**Instructions for the task**
Repeat exactly the lines of the records below, starting at the line containing "Seria na kartach" and ending at the line containing "Serão apresentadas as". Leave the pictures out.

**Extracted records**
+ + + +

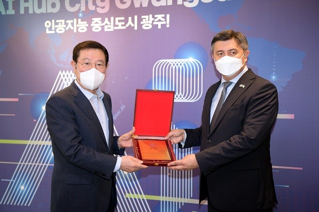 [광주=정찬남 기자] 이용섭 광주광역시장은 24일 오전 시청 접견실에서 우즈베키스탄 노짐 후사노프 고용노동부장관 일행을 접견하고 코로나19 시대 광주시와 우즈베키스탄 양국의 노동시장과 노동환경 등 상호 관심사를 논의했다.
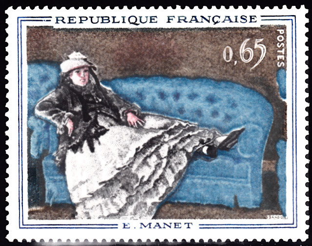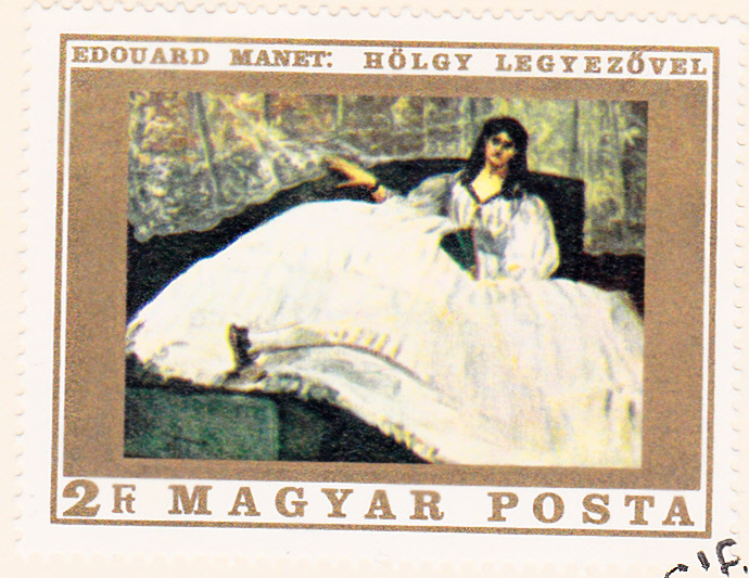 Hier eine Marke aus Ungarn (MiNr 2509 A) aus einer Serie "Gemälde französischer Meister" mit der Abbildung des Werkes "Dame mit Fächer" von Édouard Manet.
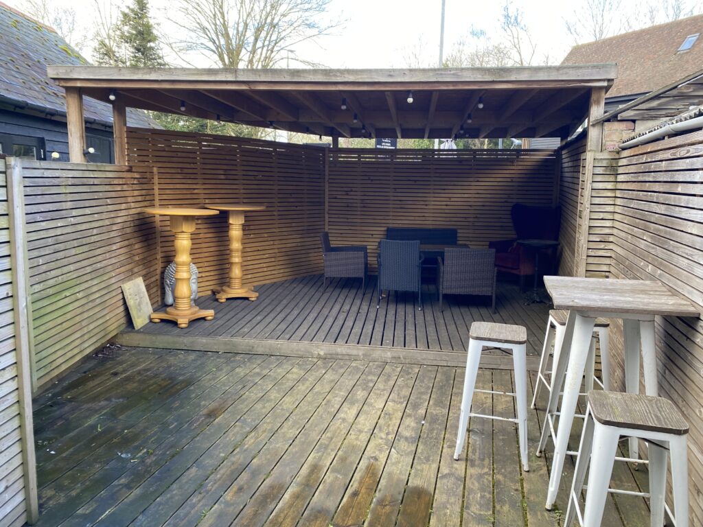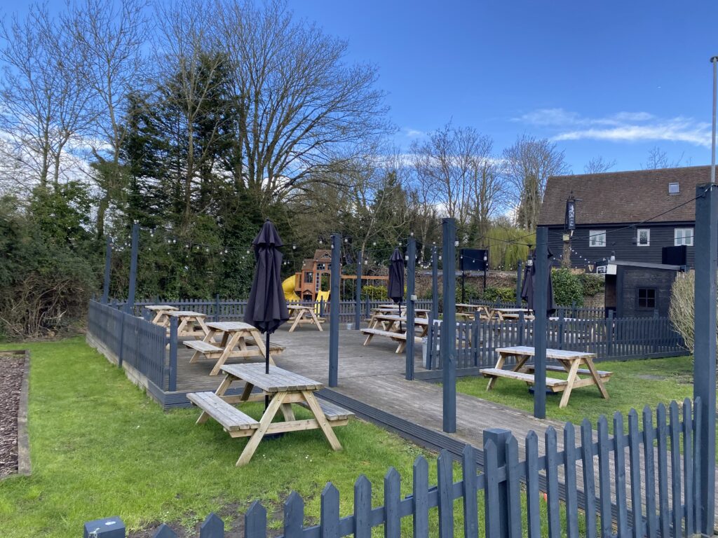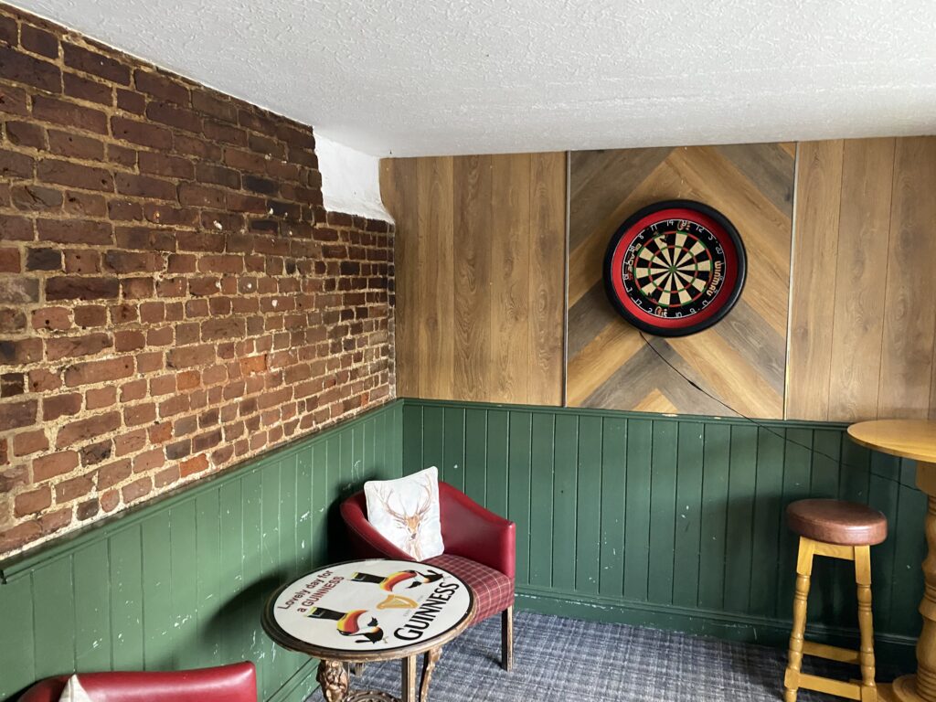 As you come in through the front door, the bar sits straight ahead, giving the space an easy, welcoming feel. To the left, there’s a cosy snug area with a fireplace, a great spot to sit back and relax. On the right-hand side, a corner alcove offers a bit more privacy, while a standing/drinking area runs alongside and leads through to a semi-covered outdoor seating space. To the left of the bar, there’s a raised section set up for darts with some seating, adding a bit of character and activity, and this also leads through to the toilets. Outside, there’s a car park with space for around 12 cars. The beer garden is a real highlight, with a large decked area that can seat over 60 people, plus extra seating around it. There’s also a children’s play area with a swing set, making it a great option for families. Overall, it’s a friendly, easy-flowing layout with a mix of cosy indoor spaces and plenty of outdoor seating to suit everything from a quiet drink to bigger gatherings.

+ + + +

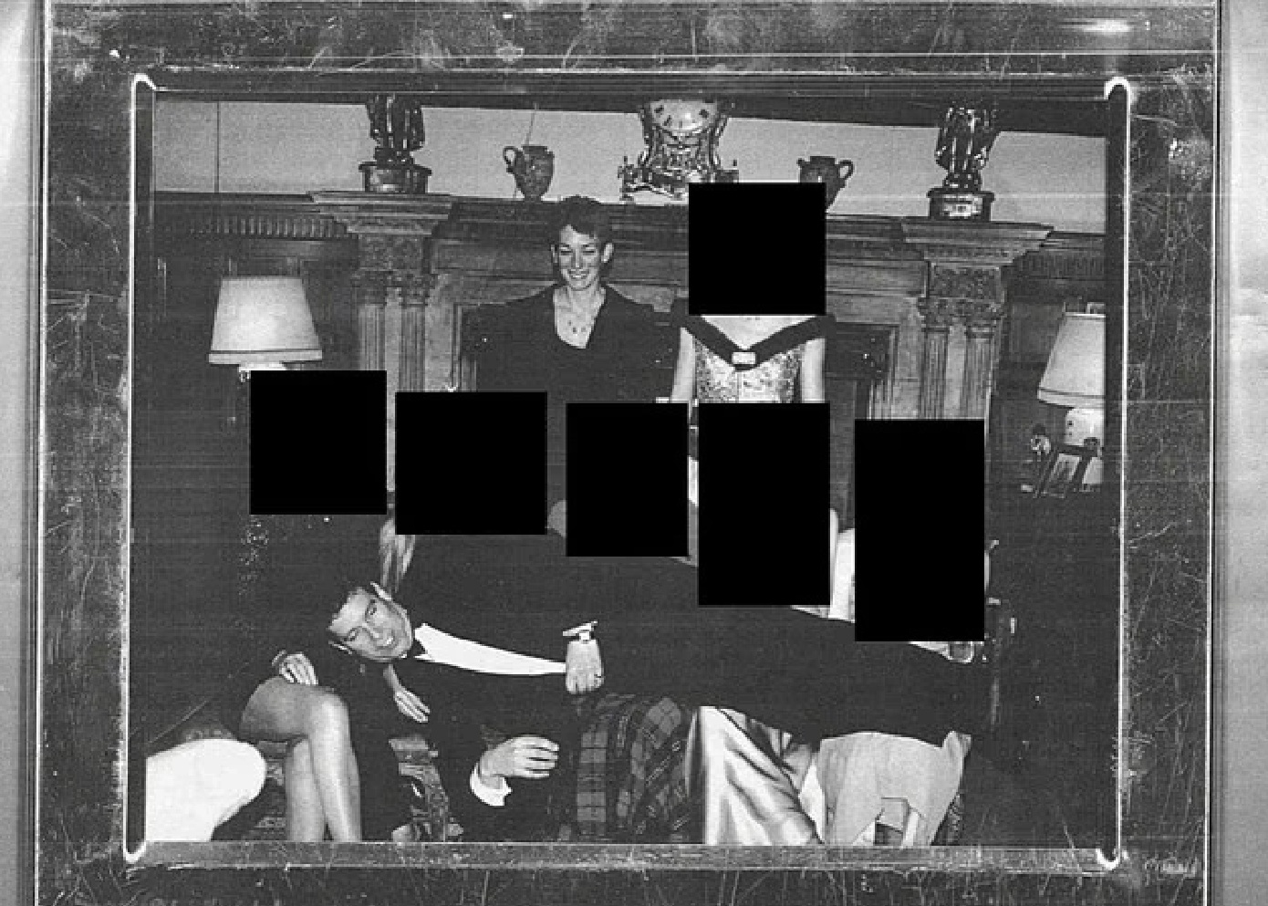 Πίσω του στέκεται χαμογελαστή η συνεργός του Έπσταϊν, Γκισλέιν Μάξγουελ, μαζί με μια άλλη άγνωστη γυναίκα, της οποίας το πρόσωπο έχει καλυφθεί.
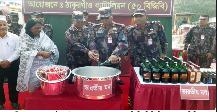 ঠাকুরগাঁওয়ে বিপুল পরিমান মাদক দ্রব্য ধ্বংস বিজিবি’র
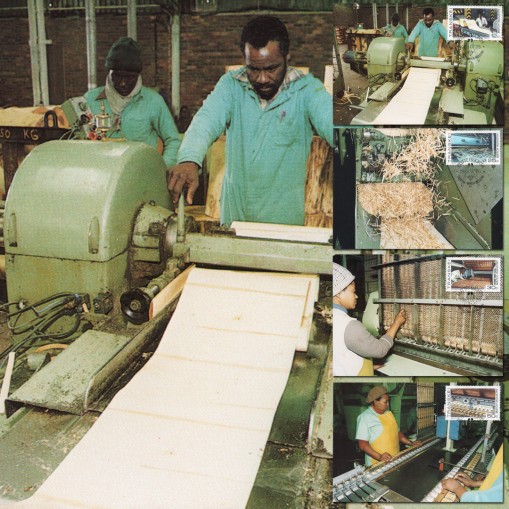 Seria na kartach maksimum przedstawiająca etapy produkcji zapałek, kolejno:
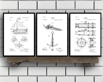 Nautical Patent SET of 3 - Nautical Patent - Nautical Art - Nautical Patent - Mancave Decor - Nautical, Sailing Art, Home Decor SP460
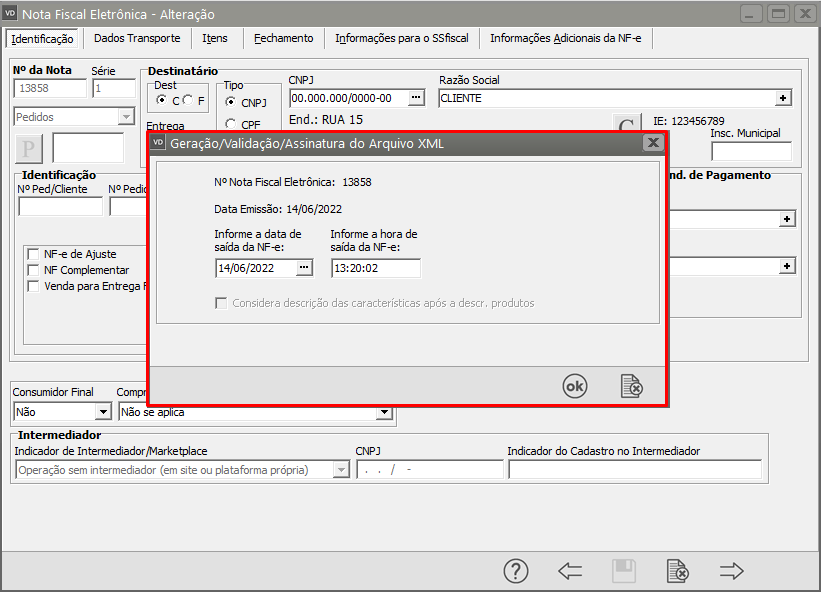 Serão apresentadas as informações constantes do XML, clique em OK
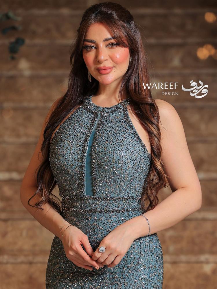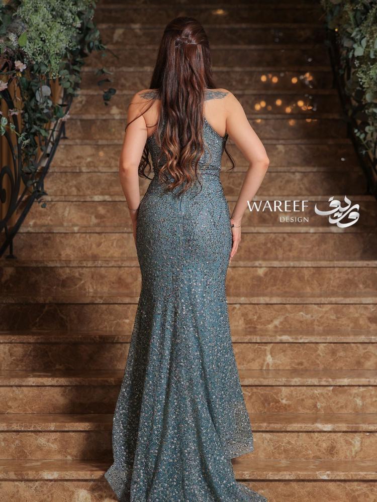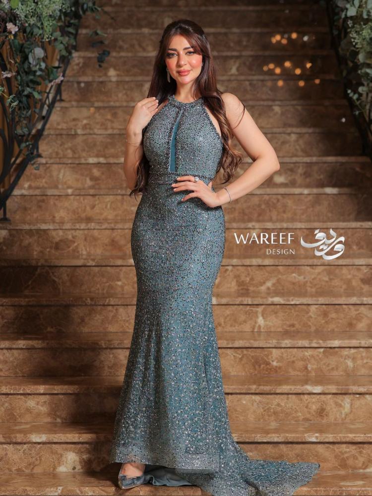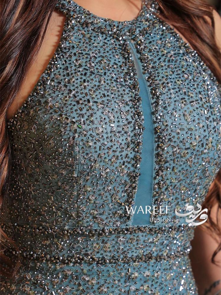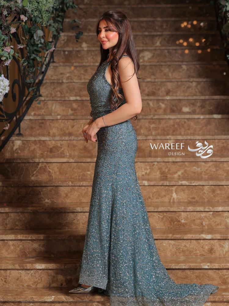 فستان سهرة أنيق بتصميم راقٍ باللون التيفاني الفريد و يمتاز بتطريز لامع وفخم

+ + + +

**Answer to this problem**
 Seria na kartach maksimum przedstawiająca etapy produkcji zapałek, kolejno:
 Nautical Patent SET of 3 - Nautical Patent - Nautical Art - Nautical Patent - Mancave Decor - Nautical, Sailing Art, Home Decor SP460
 Serão apresentadas as informações constantes do XML, clique em OK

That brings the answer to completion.